--- PROVIDED RECORDS Enclosed Below ---
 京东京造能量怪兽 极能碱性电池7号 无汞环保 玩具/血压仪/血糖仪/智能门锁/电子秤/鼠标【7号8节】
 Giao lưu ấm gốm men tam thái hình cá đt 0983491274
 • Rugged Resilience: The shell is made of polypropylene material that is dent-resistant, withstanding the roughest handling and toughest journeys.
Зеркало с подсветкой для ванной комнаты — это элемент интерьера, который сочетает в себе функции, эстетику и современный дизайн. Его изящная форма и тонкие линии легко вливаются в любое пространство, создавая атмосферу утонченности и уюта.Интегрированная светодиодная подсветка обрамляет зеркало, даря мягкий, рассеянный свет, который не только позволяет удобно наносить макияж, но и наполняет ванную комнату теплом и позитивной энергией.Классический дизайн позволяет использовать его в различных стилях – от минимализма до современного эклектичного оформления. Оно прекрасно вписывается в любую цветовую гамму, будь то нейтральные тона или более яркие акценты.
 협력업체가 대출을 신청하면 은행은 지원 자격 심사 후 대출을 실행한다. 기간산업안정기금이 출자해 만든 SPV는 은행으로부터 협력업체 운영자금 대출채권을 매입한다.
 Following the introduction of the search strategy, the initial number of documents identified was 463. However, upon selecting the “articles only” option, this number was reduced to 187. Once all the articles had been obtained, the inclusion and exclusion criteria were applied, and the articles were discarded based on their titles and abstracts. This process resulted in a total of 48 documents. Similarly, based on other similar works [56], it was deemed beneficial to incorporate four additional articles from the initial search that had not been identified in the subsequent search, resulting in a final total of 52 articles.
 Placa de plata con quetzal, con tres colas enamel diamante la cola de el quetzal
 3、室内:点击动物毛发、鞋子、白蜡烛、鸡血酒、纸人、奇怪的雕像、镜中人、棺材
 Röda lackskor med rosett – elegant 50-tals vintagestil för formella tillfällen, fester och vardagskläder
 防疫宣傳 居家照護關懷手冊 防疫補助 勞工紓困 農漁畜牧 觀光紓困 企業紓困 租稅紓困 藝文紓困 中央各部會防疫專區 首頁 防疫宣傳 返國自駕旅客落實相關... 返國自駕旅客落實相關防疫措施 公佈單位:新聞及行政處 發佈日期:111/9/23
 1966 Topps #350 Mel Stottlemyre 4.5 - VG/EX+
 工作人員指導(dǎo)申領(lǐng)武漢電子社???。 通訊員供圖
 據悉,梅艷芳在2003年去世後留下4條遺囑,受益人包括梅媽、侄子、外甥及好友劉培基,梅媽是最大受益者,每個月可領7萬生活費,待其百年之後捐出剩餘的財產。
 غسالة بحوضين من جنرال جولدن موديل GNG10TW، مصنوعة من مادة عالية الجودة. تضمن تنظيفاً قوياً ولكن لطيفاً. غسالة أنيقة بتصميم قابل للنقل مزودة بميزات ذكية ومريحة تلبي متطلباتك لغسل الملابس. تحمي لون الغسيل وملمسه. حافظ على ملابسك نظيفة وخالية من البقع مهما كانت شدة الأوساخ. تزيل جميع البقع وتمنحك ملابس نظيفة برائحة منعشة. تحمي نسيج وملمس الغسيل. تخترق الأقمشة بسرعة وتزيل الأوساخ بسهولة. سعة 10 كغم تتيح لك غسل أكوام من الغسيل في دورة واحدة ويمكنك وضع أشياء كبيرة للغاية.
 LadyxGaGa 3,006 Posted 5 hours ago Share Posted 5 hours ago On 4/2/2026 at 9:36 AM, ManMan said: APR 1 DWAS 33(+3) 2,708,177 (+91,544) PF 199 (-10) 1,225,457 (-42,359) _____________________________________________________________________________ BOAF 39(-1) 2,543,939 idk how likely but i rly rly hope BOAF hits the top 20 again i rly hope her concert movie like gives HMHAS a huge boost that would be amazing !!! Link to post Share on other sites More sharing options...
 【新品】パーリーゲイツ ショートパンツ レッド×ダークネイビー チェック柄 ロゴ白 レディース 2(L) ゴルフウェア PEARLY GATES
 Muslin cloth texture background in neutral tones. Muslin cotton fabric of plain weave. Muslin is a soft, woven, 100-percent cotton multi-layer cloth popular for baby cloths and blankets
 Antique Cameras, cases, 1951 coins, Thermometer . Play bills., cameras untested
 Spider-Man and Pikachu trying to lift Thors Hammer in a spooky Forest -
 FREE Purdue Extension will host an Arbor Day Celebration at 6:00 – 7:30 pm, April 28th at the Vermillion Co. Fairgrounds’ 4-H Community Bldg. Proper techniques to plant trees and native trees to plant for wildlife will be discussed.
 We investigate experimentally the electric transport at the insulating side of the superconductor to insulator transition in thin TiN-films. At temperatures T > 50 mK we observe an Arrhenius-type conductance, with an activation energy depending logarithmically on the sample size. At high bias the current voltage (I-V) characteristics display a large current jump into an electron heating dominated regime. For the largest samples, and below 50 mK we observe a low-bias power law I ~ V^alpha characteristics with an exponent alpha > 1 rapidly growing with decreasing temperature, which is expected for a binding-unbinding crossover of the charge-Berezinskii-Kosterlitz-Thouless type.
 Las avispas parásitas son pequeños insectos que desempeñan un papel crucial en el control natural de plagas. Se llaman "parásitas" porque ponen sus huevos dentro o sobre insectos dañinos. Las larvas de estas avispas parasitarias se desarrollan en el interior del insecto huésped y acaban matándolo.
--- End of Enclosed PROVIDED RECORDS ---
Starting from the top of the records and ending at the line that contains "and toughest journeys.", repeat each line exactly and return only those lines.

- ANSWER TO THIS TASK -
 京东京造能量怪兽 极能碱性电池7号 无汞环保 玩具/血压仪/血糖仪/智能门锁/电子秤/鼠标【7号8节】
 Giao lưu ấm gốm men tam thái hình cá đt 0983491274
 • Rugged Resilience: The shell is made of polypropylene material that is dent-resistant, withstanding the roughest handling and toughest journeys.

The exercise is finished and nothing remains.